Nell was perched on a stool eating toast and honey and chattering to the doctor’s wife. Her fingers were swathed in clean white bandages and someone had washed her face and brushed her hair. She looked almost respectable, almost happy.

Mrs Burroughes looked up as Hester came into the room. ‘Ah, here’s your mother,’ she said. ‘A slice of toast, Mrs Makerfield?’

Worried though she was, Hester’s watering mouth had said ‘Yes, please’, before she remembered that she had been threatened with hospital, that she should be running. And once she was eating it, and drinking the cup of strong tea which Mrs Burroughes pushed into her
hand, sitting in the comfortable kitchen chair before the stove … well, it seemed easier to tell Mrs Burroughes that the doctor had given her a note for the hospital, but that she simply did not know what to do.

‘I was working as cook-housekeeper for a Mr Hicksome, who lives in Old Market Street,’ she explained. ‘But we’ve left there and now we don’t even have a roof over our heads, so how I could go into hospital and leave Nell I can’t imagine.’

‘I think that can be arranged,’ Mrs Burroughes said comfortably. ‘Now what operation did the doctor recommend, my dear?’

‘He said it was nothing much, just a couple of stitches. I’ve got a – a prolapse,’ Hester said. ‘He thinks, after Helen was born, that things didn’t go quite right and it’s got steadily worse. It’s why my back aches all the time, he says, and why I’m so tired.’
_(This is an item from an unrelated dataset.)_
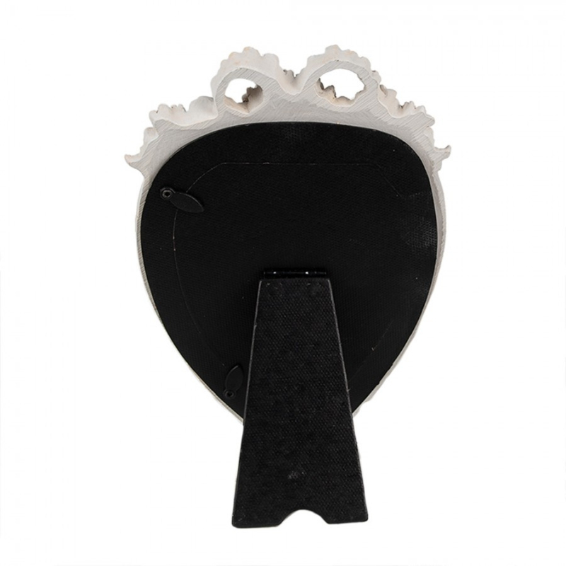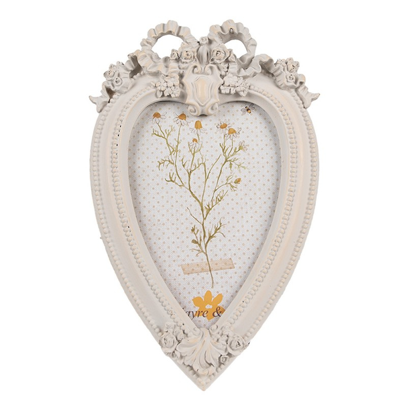 Romantische decoratieve fotolijst in een hartvorm en met mooie versierselen op de rand en bovenkant. De kleur is wit, geen spierwit beetje ouder gemaakt.

‘Well then, you’ve got to go into hospital for a day or so,’ Mrs Burroughes said practically. ‘We have a spare room with a comfortable bed in it; Nell is welcome to stay with me while you are in hospital, and you are welcome to come here for a few days until you are fully recovered. Would that solve your problem?’

‘It would be so wonderful, but how can I trespass on your kindness to the extent of leaving Nell with you?’ Hester stammered, very confused. How kind some people could be, as good as others could be bad. She turned to her daughter, now drinking milk and only lifting her face from the mug to beam at her mother. ‘What do you say, darling? Would you like to stay with Mrs Burroughes for a day or two?’

‘While you’re in hospital being made better again?’ Nell said. There are no flies on my daughter, Hester thought with affectionate pride, she’s been listening to every word even when she was up to her eyes in honey and seemed engrossed in her own thoughts. ‘I’d like to
stay in this house with you,’ she ended, turning towards her hostess.

‘She’s a big help,’ Hester ventured. ‘And once I’ve had the operation I’m sure I could manage. If you could keep her though, while I’m in hospital, it would make all the difference.’

‘Then that’s settled; you’ll take the note in tomorrow morning, early, and probably be out the next day. Ah, here comes the doctor; I think you were one of his last patients.’

‘Yes, the girl next to us was last,’ Hester was beginning, when the kitchen door opened.

Barbie stood there, her bag in her arms.

‘Good gal; you waited,’ she announced. ‘Evenin’, Mrs Burroughes, the doc won’t be a minute. He’s give me ointment for Phillips’s eye and a telling off like you wouldn’t believe. But we had a laugh together.’

‘What mischief are you up to this time, Barbie?’ Mrs Burroughes said. She turned to Hester. ‘Barbie’s family always over-winter in Lynn. Did she tell you she came from the fair?’

‘Yes, she did. And you told me what was in your bag, didn’t you, Barbie?’ Hester said. ‘Mrs Burroughes is going to keep an eye on Nell and have her stay here while I have a small operation. After that …’

‘After that, if you like, you can come wi’ us,’ Barbie said decidedly. ‘Look, someone’s got to mind Phillips for me while my wrist’s queer. I’ll teach you all the business and fair folk is friendly folk. And you in’t scared of snakes, for a miracle. I reckon you could do what I do as easy as easy.’